Literature DB >> 29703270

Confirmation and Identification of Salmonella spp., Cronobacter spp., and Other Gram-Negative Organisms by the Bruker MALDI Biotyper Method: Collaborative Study, First Action 2017.09.

Benjamin Bastin1, Patrick Bird1, M Joseph Benzinger1, Erin Crowley1, James Agin1, David Goins1, Daniele Sohier2, Markus Timke2, Gongyi Shi2, Markus Kostrzewa2.   

Abstract

The Bruker MALDI Biotyper® method utilizes matrix-assisted laser desorption/ionization time-of-flight (MALDI-TOF) MS for the rapid and accurate identification and confirmation of Gram-negative bacteria from select media types. The alternative method was evaluated using nonselective and selective agars to identify Cronobacter spp., Salmonella spp., and select Gram-negative bacteria. Results obtained by the Bruker MALDI Biotyper were compared to the traditional biochemical methods as prescribed in the appropriate reference methods.

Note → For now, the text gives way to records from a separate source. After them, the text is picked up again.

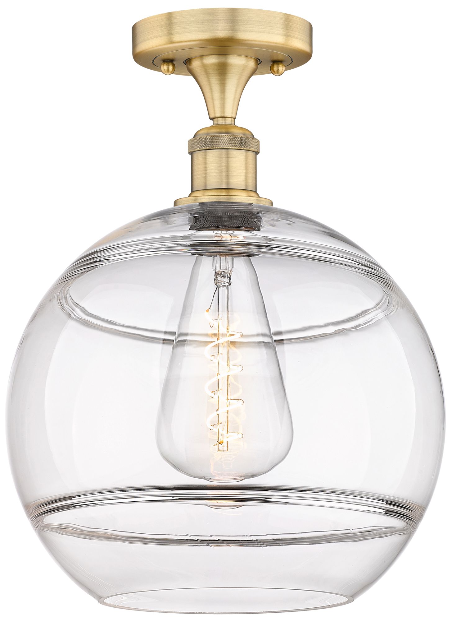 Edison Rochester 12" Wide Brushed Brass Semi-Flush Mount With Clear Sh
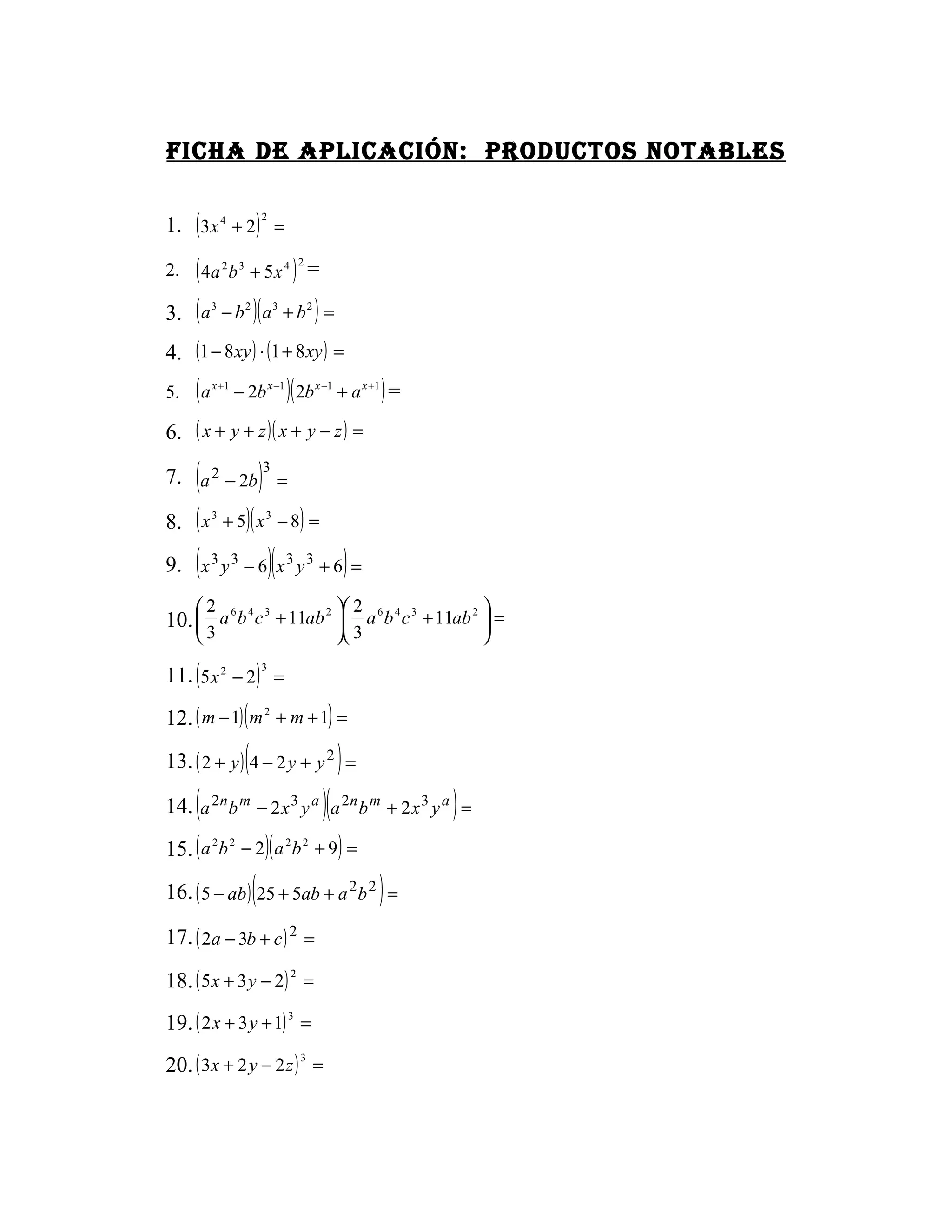 Das Dokument enthält eine Liste von mathematischen Anwendungen und Formeln, die verschiedene algebraische Ausdrücke wie Produkte, Summen und Potenzen darstellen. Es werden verschiedene Identitäten und Faktorisierungen vorgestellt, die zur Vereinfachung oder Lösung von Mathematikproblemen verwendet werden können. Jede Zeile präsentiert eine spezifische Rechenoperation ohne weitere Erklärungen oder Kontext.
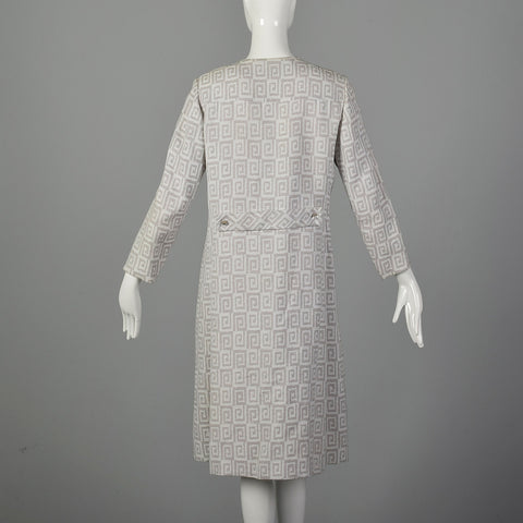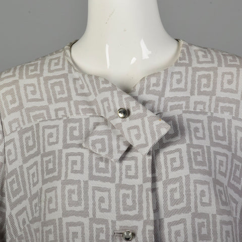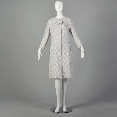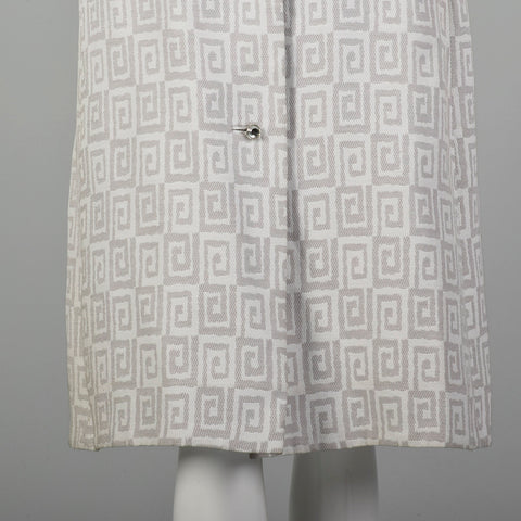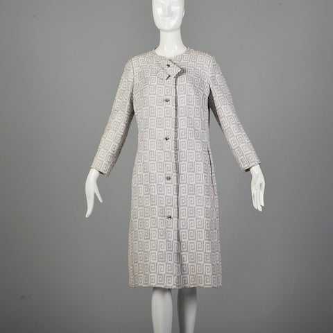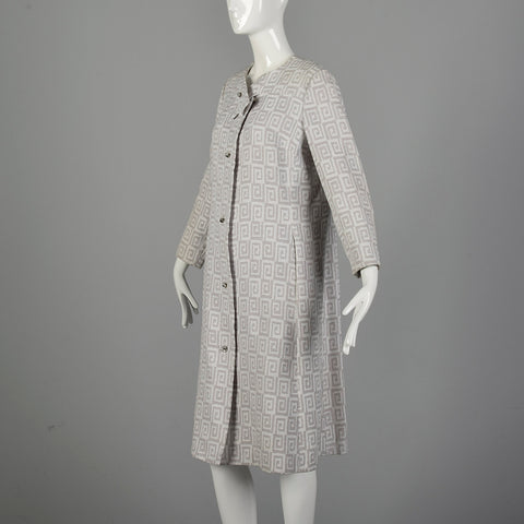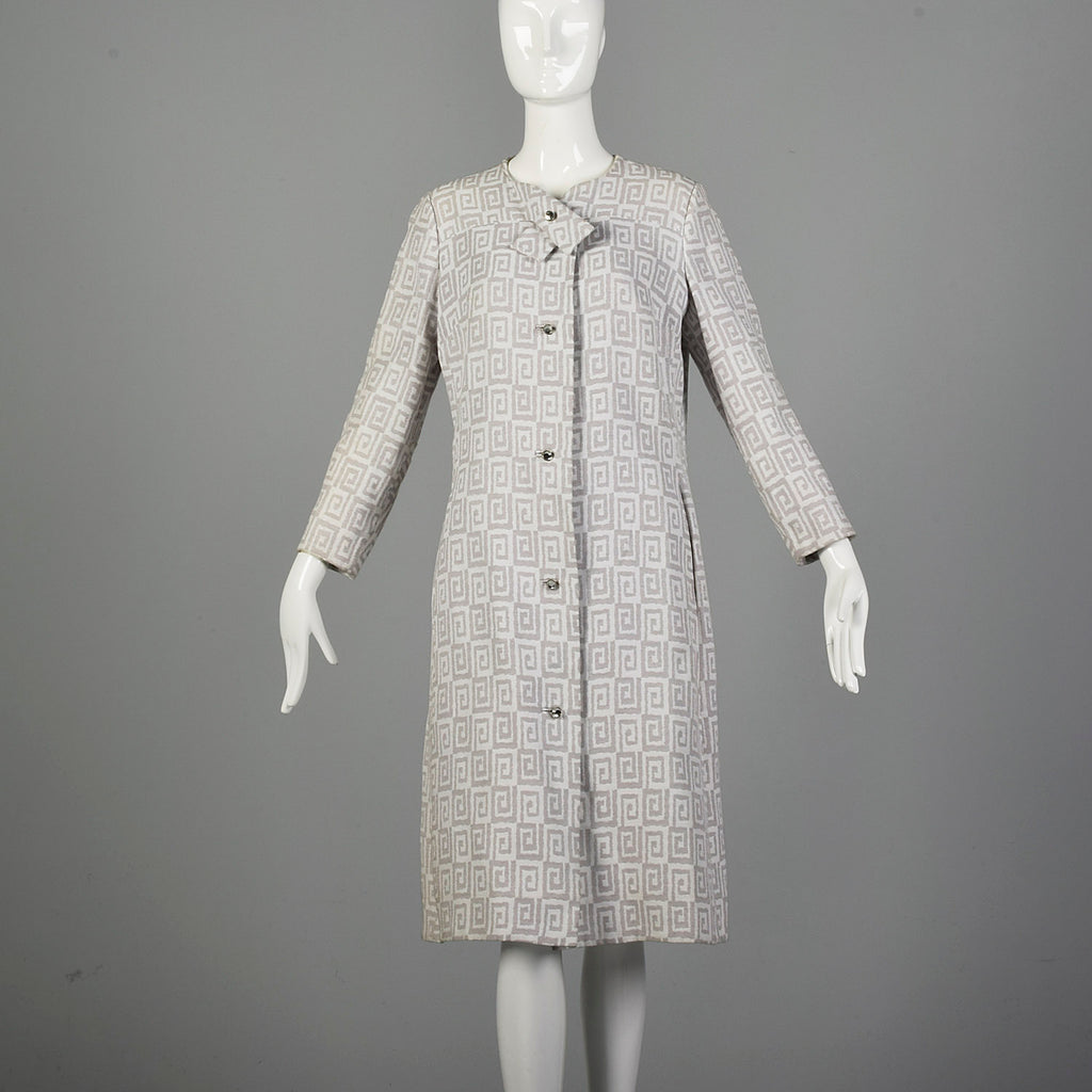 This listing is for one coat. The fabric is unmarked. Lightweight, spring, gray and white dress coat. Greek key pattern with a unique, criss-cross ...
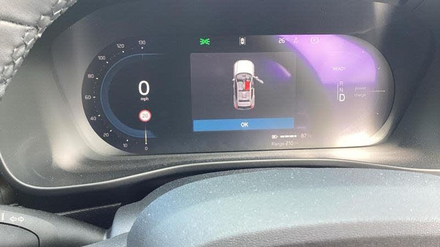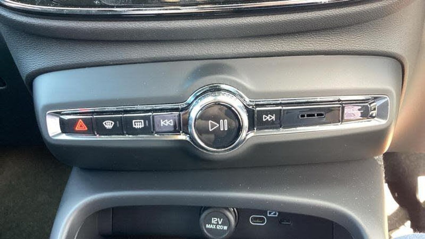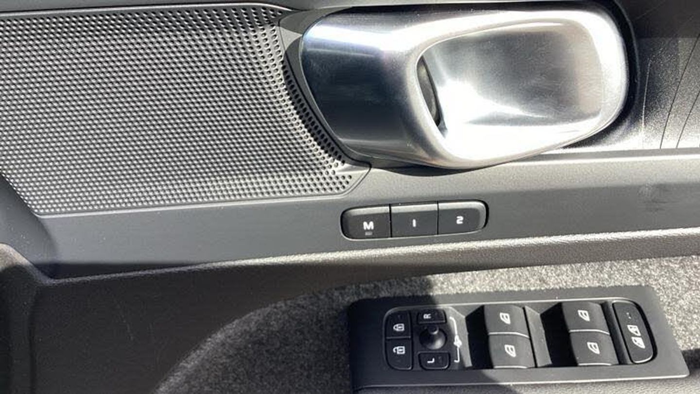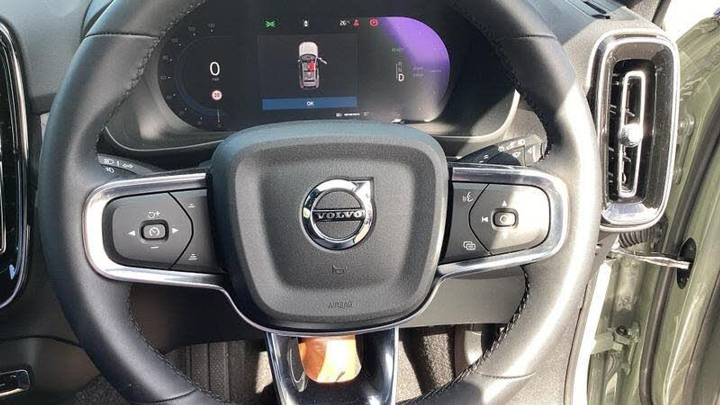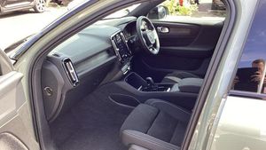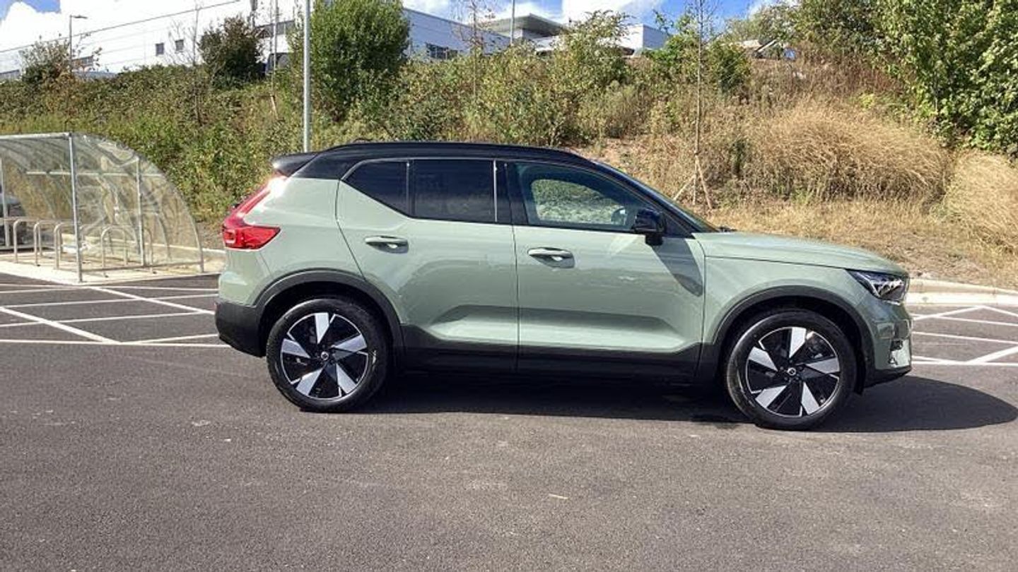 Roof top in contrast colour. Black Stone, Shift-by-wire single speed transmission, Sculpted gear shift, Afterrun parking climate, Charcoal headlining, Charcoal interior inserts, Roof top in contrast colour. Black Stone, Body coloured covered grille, Heated grill emblem, Trailer lamp control, Fog lamps, Google Assistant. Google Maps and Google Play Store - included for 4 years, Intelligent Speed Assist (ISA), High Performance audio system, Door mirror covers. high-gloss black, Small storage. front, Double locking, BLIS? and Cross Traffic Alert, Power child safety lock, Keyless entry with hands-free power tailgate, Air purifier and remote cabin pre-cleaning, Digital owners manual, Topography decor, Fixed rear head restraints, 5 seats, Mechanical release second seat row, Manual cushion extensions. driver and passenger, Power 4-way lumbar support, Sport textile interior cabin floor mats. Charcoal, Foldable load floor with cargo divider and grocery bag, i-Size/ISOFIX mounting points. front seat, Illuminated vanity mirrors, Glossy black tunnel console, Rear Collision Warning, Temporary mobility kit, Body-coloured door handles with ground lighting, Without rear engine emblem, Ticket holder, Electric cabin heater and cooler, Alcohol lock software (not available in the UK), Protective cap kit. Matt Tech Grey, 9-inch centre display, Inflatable Curtain, Steering wheel remote control, Humidity sensor, Bluetooth connection, Safety belts, [Audio and Communications]Volvo Cars App remote functions, Digital Audio Broadcasting (DAB+), Wireless phone charging, Apple CarPlay, [Drivers Assistance]Road Sign Information, Adaptive cruise control, Tyre pressure monitoring, Slippery road alert, Park assist. rear and front, Park assist camera. rear, [Exterior]Power retractable door mirrors, Automatic door locking, Tinted rear windows, Auto-dimmed rear view mirrors, 19? 5-spoke glossy black diamond cut. rear, 19? 5-spoke glossy black diamond cut, Lockable wheel bolts, High-gloss black side window trim, Roof rails. glossy black, Tempered side windows, [Illumination]LED headlights, [Interior]Two-zone climate system, Heat pump, 12.3-inch driver display, Power tailgate, Folding bag hook, Connect Suede textile/Microtech upholstery, Power driver seat with memory, Adjustable passenger seat, Heated front seats, Heated rear seats, Protection net, Rear centre armrest, Interior illumination. high level, Front centre armrest, Front load compartment, Heated steering wheel, Tailored sport steering wheel. Charcoal, EX40 aluminium front tread plates, Rain sensor, Comfort front seats, [Performance]Touring chassis, Adaptive power steering, Charging station cable. 6m, [Safety and Security]Passenger airbag cut-off switch, Dual-stage airbags, Knee airbag. driver side, Lane Keeping Aid and Lane Departure Warning, Pilot Assist, Remote key, Alarm, First-aid kit, Hill Start Assist, Oncoming Lane Mitigation, Hill Descent Control, Emergency brake light, Warning triangle, Whiplash injury protection, Side impact protection, ISOFIX mounting points. rear seat
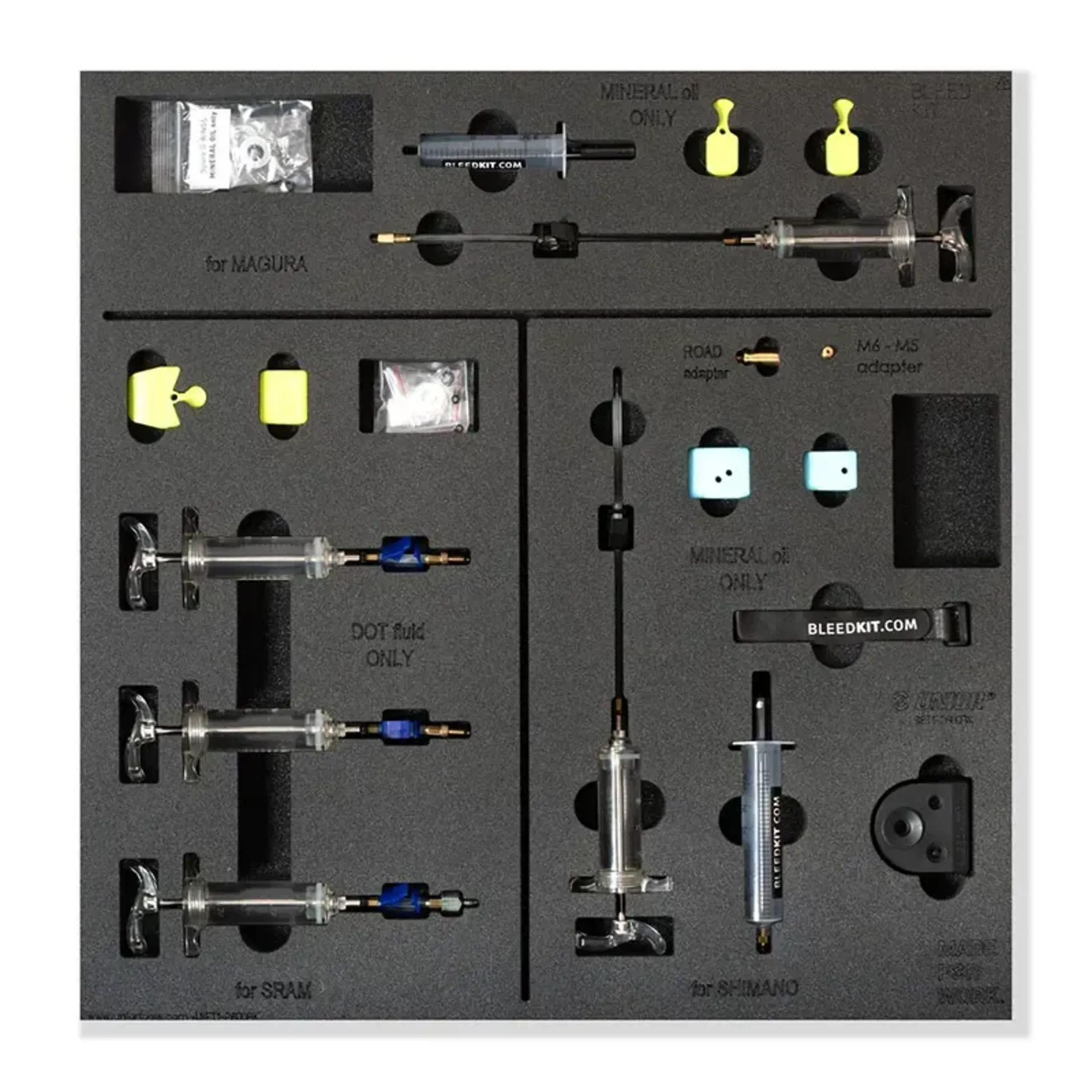 The tray includes complete set for bleeding most popular brakes on the market.

Two collaborative studies were organized, one in the United States focusing on Cronobacter spp. and other Gram-negative bacteria, and one in Europe focusing on Salmonella spp. and other Gram-negative bacteria. Fourteen collaborators from seven laboratories located within the United States participated in the first collaborative study for Cronobacter spp. Fifteen collaborators from 15 service laboratories located within Europe participated in the second collaborative study for Salmonella spp. For each target organism (either Salmonella spp. or Cronobacter spp.), a total of 24 blind-coded isolates were evaluated. In each set of 24 organisms, there were 16 inclusivity organisms (Cronobacter spp. or Salmonella spp.) and 8 exclusivity organisms (closely related non-Cronobacter spp. and non-Salmonella spp. Gram-negative organisms). After testing was completed, the total percentage of correct identifications from each agar type for each strain was determined at a percentage of 100.0% to the genus level for the Cronobacter study and a percentage of 100.0% to the genus level for the Salmonella study. For both non-Cronobacter and non-Salmonella organisms, a percentage of 100.0% was correctly identified. The results indicated that the alternative method produced equivalent results when compared to the confirmatory procedures specified by each reference method.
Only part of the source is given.